TJ's a street kid I ran into on Forty-second Street some years back, before they went and turned the Deuce into Disney World North. He appointed himself my assistant, and I liked his company enough to put up with him. Then I found out how useful he could be. He's a natural mimic, moving effortlessly from hip-hop jive to the Queen's English, turned out one day in baggy shorts and a Raiders cap and the next in a Brooks Brothers suit.

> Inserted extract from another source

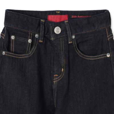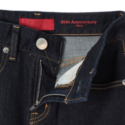 ハイパワーのストレッチデニム地を採用した「35th Anniversary Wide」。ビンテージライクな風合いとナチュラルな素材感がありつつ、超長綿による耐久性UPと滑らかな肌触りが特徴。イメージ通りの美脚を叶え、穿き心地にもとことんこだわった一本です。

For a while we didn't know where he lived, and I suspect his beeper number was as close as he came to a permanent address. Then one Christmas I gave him the hotel room I'd occupied ever since I moved out of the house in Syosset. I was married to Elaine by then, and living at the Parc Vendome, but I'd held on to my old room across the street at the Northwestern as a combination office and bolt-hole, and because it was rent-controlled, and nobody in New York gives up a rent-controlled space except at gunpoint. I figured it could go on being my office, but he could live there and run it for me. The other half of his Christmas present was a computer, and he ran that for me, too, pulling information off the Internet as if out of the ether. By now Elaine had a computer of her own, and she and T J e-mailed each other across the street, like two kids with a pair of tin cans and a piece of string. She told me she could teach me how to use the thing in about fifteen minutes. One of these days, I said.